# Glazing / Gilding in 26,000 sq ft House ( Family Room )



## michael tust (Mar 6, 2009)

Am Posting some of our Friends Work In Saratoga Springs... They had to Match the Ceiling that was done about 10 years ago.... They Glazed the walls and did a Bit of Gilding... What a Great Job ! Thumbs Up Amy and Alyse....



Michael Tust


----------



## Rbriggs82 (Jul 9, 2012)

That kind of work blows my mind. Awesome!


----------



## Wildbill7145 (Apr 30, 2014)

26,000 sq feet? That is absolutely insane! These places you post pictures of never ever look like homes to me. They look more like something out of movies or something. They're absolutely incredible and stunningly beautiful.

I'll just have to imagine these places as I paint my next boring old living room or whatever.

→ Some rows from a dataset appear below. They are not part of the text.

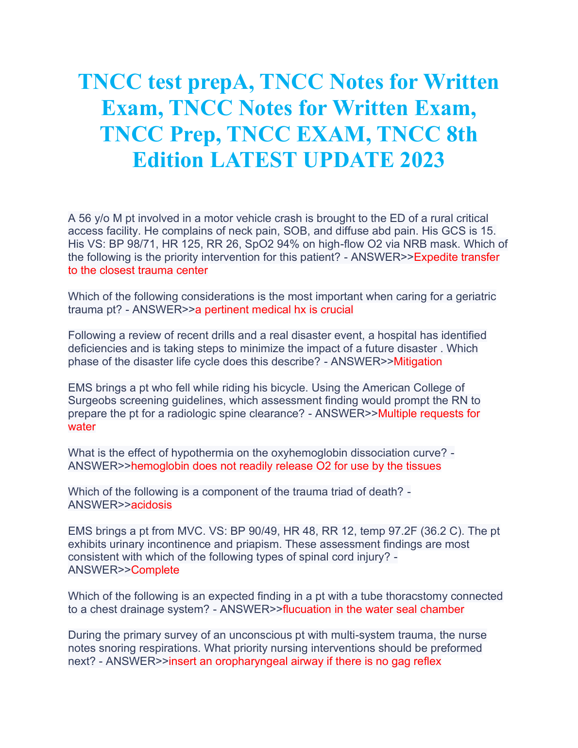 TNCC 8th Edition Test Bank by the Emergency Nurses Association (ENA) | Questions & Answers for Exam Success
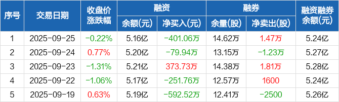 重庆啤酒:融资净偿还401.06万元,融资余额5.16亿元(09-25)
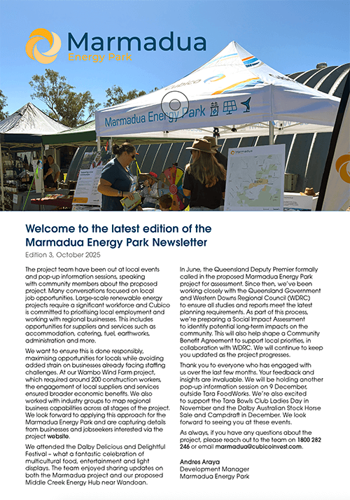 Welcome to the third edition of the Marmadua Energy Park newsletter.
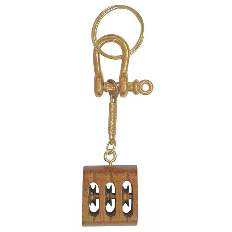 Брелок в виде трехшкивного блока с такелажной скобой и кольцом для ключей.
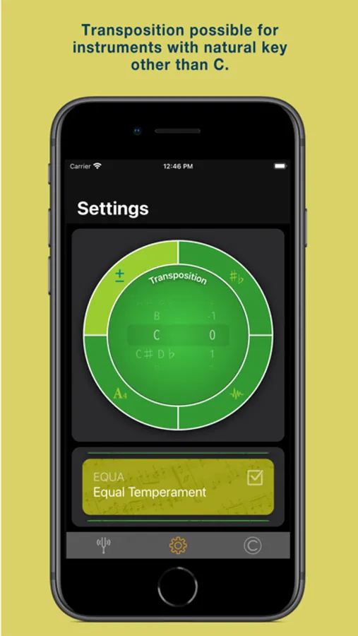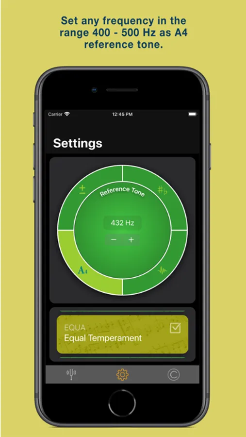 • Adjustable reference tone A4 in the range 400 - 480 Hz
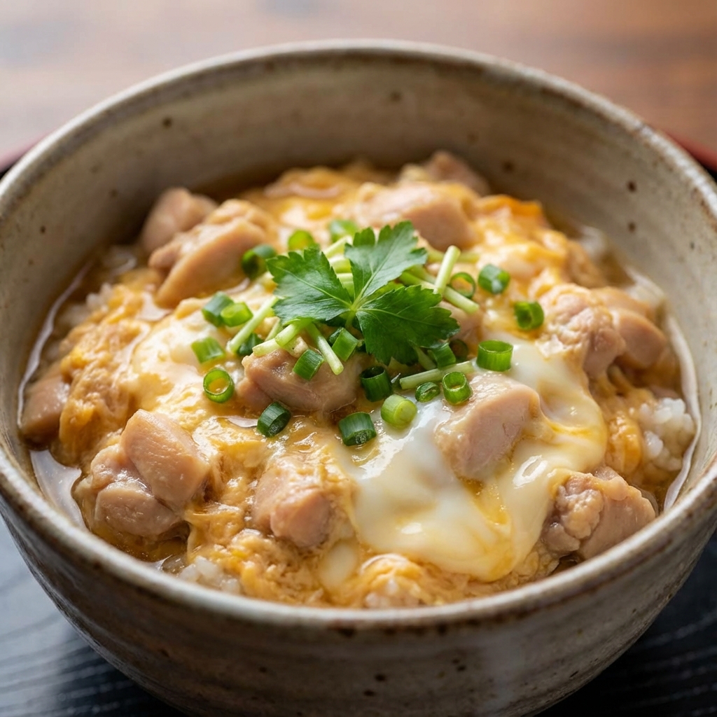 The cooking liquid – dashi, soy sauce, mirin, and sometimes sake – is the soul of oyako don. It seasons the chicken during cooking, then mingles with the egg and soaks into the rice below. Getting the balance right – sweet enough to be comforting, savory enough to be satisfying – is the mark of a skilled cook.

You and your friends do stunning stuff sir.


----------



## SemiproJohn (Jul 29, 2013)

Yes, what Wildbill said.


----------



## ridesarize (Jun 19, 2012)

Holy moly. Tell your friends they have quite an envious group here on PT.

Beautiful stuff.


----------



## michael tust (Mar 6, 2009)

Wildbill7145 said:


> 26,000 sq feet? That is absolutely insane! These places you post pictures of never ever look like homes to me. They look more like something out of movies or something. They're absolutely incredible and stunningly beautiful. I'll just have to imagine these places as I paint my next boring old living room or whatever. You and your friends do stunning stuff sir.


Thank You,

I have worked in a 17,000 sq ft house years ago..... It was HUGE ! But this one, 9,000 sq ft more... My house is 1,000 sq ft... 


Michael Tust


----------



## michael tust (Mar 6, 2009)

ridesarize said:


> Holy moly. Tell your friends they have quite an envious group here on PT. Beautiful stuff.


Will do..


Michael Tust


----------



## journeymanPainter (Feb 26, 2014)

You blow my mind ever time.


----------



## Wildbill7145 (Apr 30, 2014)

michael tust said:


> Thank You,
> 
> I have worked in a 17,000 sq ft house years ago..... It was HUGE ! But this one, 9,000 sq ft more... My house is 1,000 sq ft...
> 
> ...


Mine is 850sq ft., two humans and two 80lb dogs, not one closet in the whole place, one bathroom and no basement. But we have a huge yard for the dogs. You can see where our priorities lie.

I always laugh when I'm working on a place and can't stop thinking "wow, they're living room is the size of my house." or they start complaining about their lack of closet space and you're adding the sq ft of their closets up to see if the number is close to your houses.


----------



## Hines Painting (Jun 22, 2013)

Looks fantastic!

Are you guys able to bid things like that? Or is this type of work strictly t&m? I might be more impressed by an accurate bid on that than the work itself :notworthy:


----------



## michael tust (Mar 6, 2009)

Wildbill7145 said:


> Mine is 850sq ft., two humans and two 80lb dogs, not one closet in the whole place, one bathroom and no basement. But we have a huge yard for the dogs. You can see where our priorities lie. I always laugh when I'm working on a place and can't stop thinking "wow, they're living room is the size of my house." or they start complaining about their lack of closet space and you're adding the sq ft of their closets up to see if the number is close to your houses.


Oh yeah... One of my Clients Safe Rooms were as big as my Bedroom.... Not mention his Indoor Shooting Range.....then again, I'm just Happy to have a House...



Michael Tust


----------



## michael tust (Mar 6, 2009)

Hines Painting said:


> Looks fantastic! Are you guys able to bid things like that? Or is this type of work strictly t&m? I might be more impressed by an accurate bid on that than the work itself :notworthy:


Not sure how they bid that one.... But it's just like Bidding a Big Paint Job in a way.... 


Michael Tust


----------